Mouse Juice Time
December 1-7th is Crohn’s and Colitis Awareness week. It’s only fitting, I suppose, that I am in the hospital for a few hours to get my Remicade Infusion. As you can see from my expression up there, I’m not having a good morning. I’ve had a headache (no fever so the infusion will go on!) for 3 days, and I can tell it’s infusion time since my Crohns Disease is acting up. It was a hot rush this morning to get out of the house, between getting the kid ready, and getting myself out of the bathroom, I was damn near in tears. I barely managed to get the short kid off to school on time and then had to rush back to the house to use the bathroom.
I had already called in my height and weight for my infusion bag to get sent to pharmacy, but pulling into my driveway, I realized I asked them to mix it early. I had thought my appointment was at 9am, however it was set for 10am. All the rushing around, and getting anxious being stuck in the bathroom for nothing. Sitting in traffic I about lost it. I did lose it after having to stop at a gas station on my way in to use the restroom.
So here I am. After 3 tries, my infusion nurse realized that my hands/crooks of my arms were not working for IV lines, so I now have a line in my inside forearm. Whatever works I guess. He noted that over the past few infusions, it’s harder and harder to get a line (regardless of how much I drink or eat before hand). At least he’s willing to get creative. However, being stabbed repeatedly isn’t my cup of tea after a rough morning. ::Sigh::
I’ve been doing alright lately. I took myself off of the 6mp a couple of months ago, I had noticed no difference in my symptoms, and the side effects were obnoxious. Most notably was a loss of appetite (I like my food dammit) and hair-loss. The hair-loss was one of the bigger reasons why I chopped my shoulder length hair off, that and my innate ability to not to do my hair (also known as lazy-ass syndrome). I figured screw it.
After I took myself off of 6mp, the frequency of my Crohns symptoms actually decreased, and my hair stopped thinning so rapidly. Finding out that my disease had spread to another part of my intestines prompted the idea that the Remicade wasn’t working anymore… which led to the super high dose of 6mp. Welp, here I am.. still kicking on Remicade. Hanging in the balance to see if it continues to work, or puts the new area in check without the 6mp. I’ll argue my case later with my GI. If Remicade ultimately fails, I’m still up for trying that new medication, but whatever. Take it as it comes.
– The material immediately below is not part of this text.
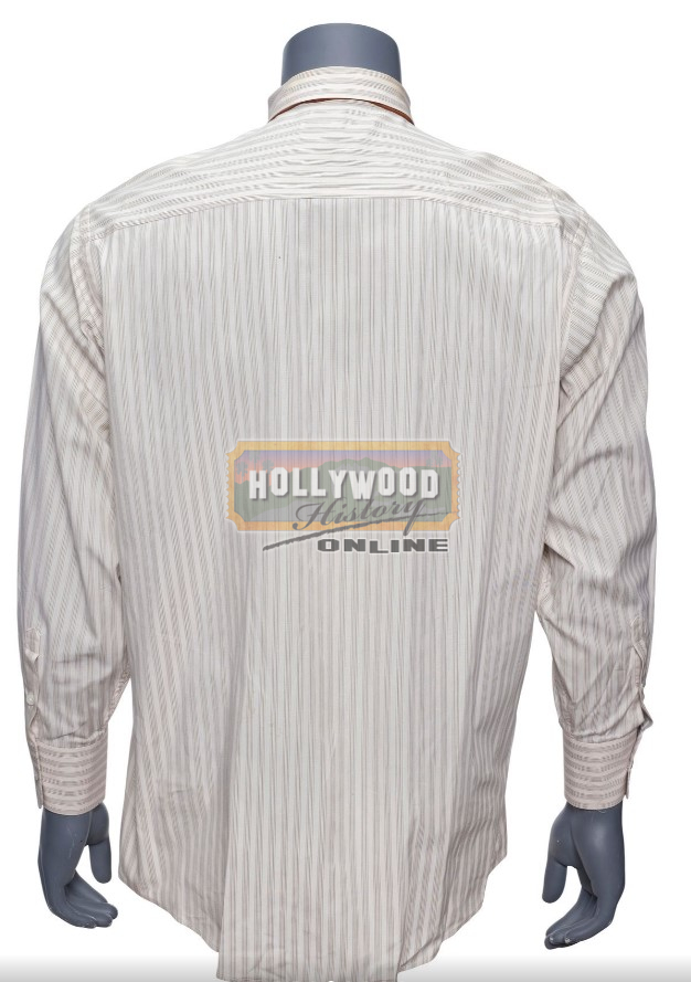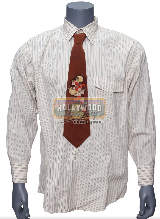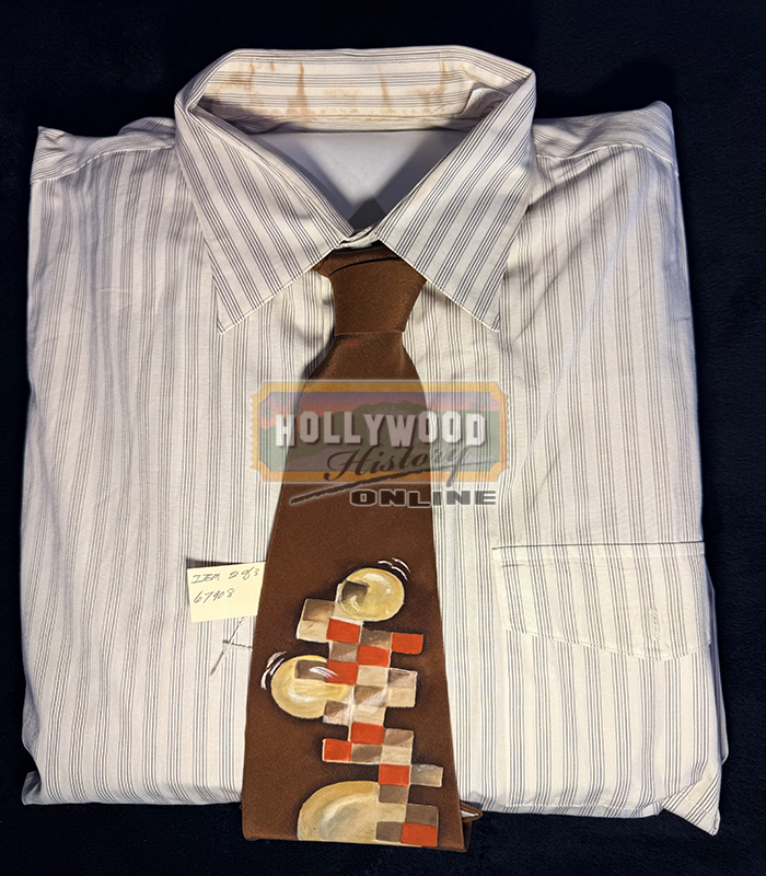 Gentle Rosenberg’s (Mike Nussbaum) dress shirt and tie from Barry Sonnenfeld’s sci-fi comedy Men in Black. Arquillian prince Gentle Rosenburg’s human exo-suit wore this shirt and tie when he was attacked by The Bug (Vincent D’Onofrio) as he had lunch with a fellow Arquillian. This lot consists of one shirt and a tie that is hand-painted. The shirt exhibits some staining around the neckline.
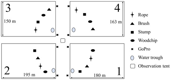 Schematic of the 4 experimental paddocks (1–4) showing sizes and location of enrichments (rope, brush, stump, woodchip pile), water troughs, GoPro cameras, and observation tent. Paddocks 1 and 4 were the same dimensions (160 m × 180 m), and paddocks 2 and 3 were the same dimensions (150 m × 195 m). Not drawn precisely to scale.

One of the things that really, really gets to me, is the fatigue. I am constantly tired, getting off of the 6mp seemed to help that a bit, but I’m still exhausted by mid-day. Hell, over the holiday weekend, I was exhausted a couple of hours after I woke up. I think that’s the most frustrating part of it. Even if I’m virtually symptom free for a couple of days, my joints hurt like a … well you know.. and I’m tired. I can deal with pain and diets, but being tired for what seems like no reason just pisses me off.
This disease sucks, for a lot of reasons, but it’s tough to deal with because it’s a so-called invisible disease. I don’t look quite so bad on the outside… hell, when I was at my sickest I kept getting compliments about how great I looked with the weight I had lost. All other people know is that I’m always tired (some think I’m just too lazy to do things or just want to blow off plans) and that I use the bathroom a bit more. It’s hard explaining to people that it’s more than a tummy ache… over and over again.
No matter what you explain, or how many times you explain it, the social effects are… depressing. I’ve had family get upset because I didn’t want to continue at the pumpkin patch (after having an accident). I’ve had coworkers/bosses not realize that I am serious about going home after using up all of my extra undies and Imodium. I’ve had friends get mad when I don’t want to go out, or cancel plans because they don’t *see* my sickness, or “come out, you’ll feel better once you get moving”. The fact that I use up my spoons some days before I even make it into my clothes just pisses people off. (http://www.butyoudontlooksick.com/articles/written-by-christine/the-spoon-theory/)
It could be worse though, and has been worse. Most days I’ve been managing to keep a positive outlook, some days though it just sucks. Over the past handful of years Crohns and UC have gotten a lot more attention than before, and awareness is spreading. Some days I’m thrilled that people are learning about IBD, some days I could give a fuck less. Some days, even my online support network can’t even get me out of a funk. Either way, the best thing to remember is that those of us with IBD are not alone. It’s okay to feel crappy, it’s okay to say NO when you don’t feel up to something, and it’s okay to feel upset.
Days like today? Where I used up all my spoons before I put my shoes on? I’ll make it, you’ll make it, and things will get better.